Demikian halnya yang dilakukan oleh Mayasari Bombong, yang kesehariannya rela mendampingi perempuan adat lainnya dalam bertani dan menenun.
“Makna adat itu adalah karakter anak muda dan itu merupakan warisan leluhur yang harus dipertahankan, mengingat saat ini juga banyak anak muda yang tidak tahu bahasa daerah”
“Bahasa luar juga penting untuk berkomunikasi, tapi bahasa daerah lebih penting sebagai warisan budaya” ungkap Maya.
Desi Bulawan menyatakan jika teknologi dan komunikasi yang berkembang saat ini dapat dimanfaatkan oleh masyarakat adat untuk mengenalkan budaya-budaya adat ke wilayah yang lebih luas lagi.

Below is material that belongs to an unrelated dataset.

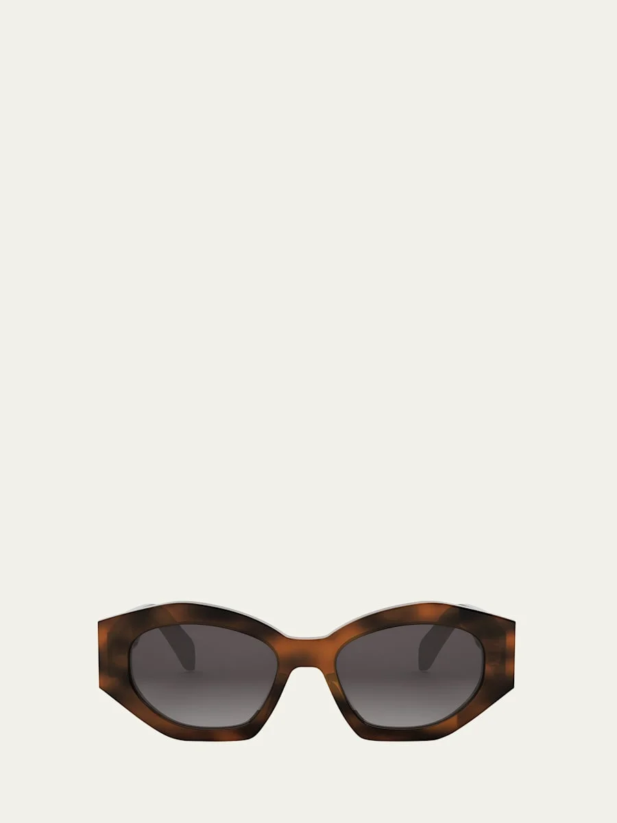 Celine sunglasses set on acetate oval frames Eye/bridge/temple (in mm): 55-19-145 Gradient lenses Saddle nose bridge Triomphe metal signature in relief on both temples Wide, tapered arms 100% UVA/UVB protection Acetate Hand wash Made in Italy Proposition 65 warning for California residents Online Inquiries: BGS21_D5AKZ| Store Inquiries: #5044226

“Disini mayoritas petani, jika anak mudanya tidak dilatih bertani maka kedepannya akan hilang generasi yang akan melanjutkan perjuangan masyarakat adat kami” ujar Kartini.
Deny Rahadian, Koordinator Nasional JKPP menyambut baik upaya yang dilakukan tiga gadis adat di Mamasa tersebut. Menurutnya, peran perempuan sangat penting dalam pengelolaan sumber daya alam dan pendidikan.
“JKPP menekankan jika dalam proses pemetaan partisipatif dan perencanaan kampung selalu melibatkan perempuan, terutama untuk menjadi pemberi sumber-sumber informasi penting yang sangat detil dan akurat, sehingga hasilnya selalu lebih baik” ujarnya.
Hal senada disampaikan oleh Amran Tambaru, Koordinator SLPP Sulawesi Tengah, menurutnya peran perempuan dalam perencanaan desa dan kawasan adat, tidak hanya dilibatkan dalam sisi kuantitas saja, tetapi harus terlibat dalam pengambilan keputusan dan pengawalan.
“Saya sangat apresiasi dengan yang dilakukan oleh Kartini dan kawan-kawannya di Sulbar, semoga dapat menginspirasi generasi muda di berbagai tempat lainnya”
“Ditempat kami, di Masyarakat Adat Wana Posangke, Sulawesi Tengah, perempuan adat selalu terlibat dalam sekolah-sekolah adat atau sekolah kampung, sehingga dapat melahirkan kader lokal yang memahami karakter adatnya” jelas Amran.
Ditambahkan Amran, perempuan lebih mempunyai karakter dan lebih menyentuh, sehingga transformasi pengetahuannya lebih mudah dipahami.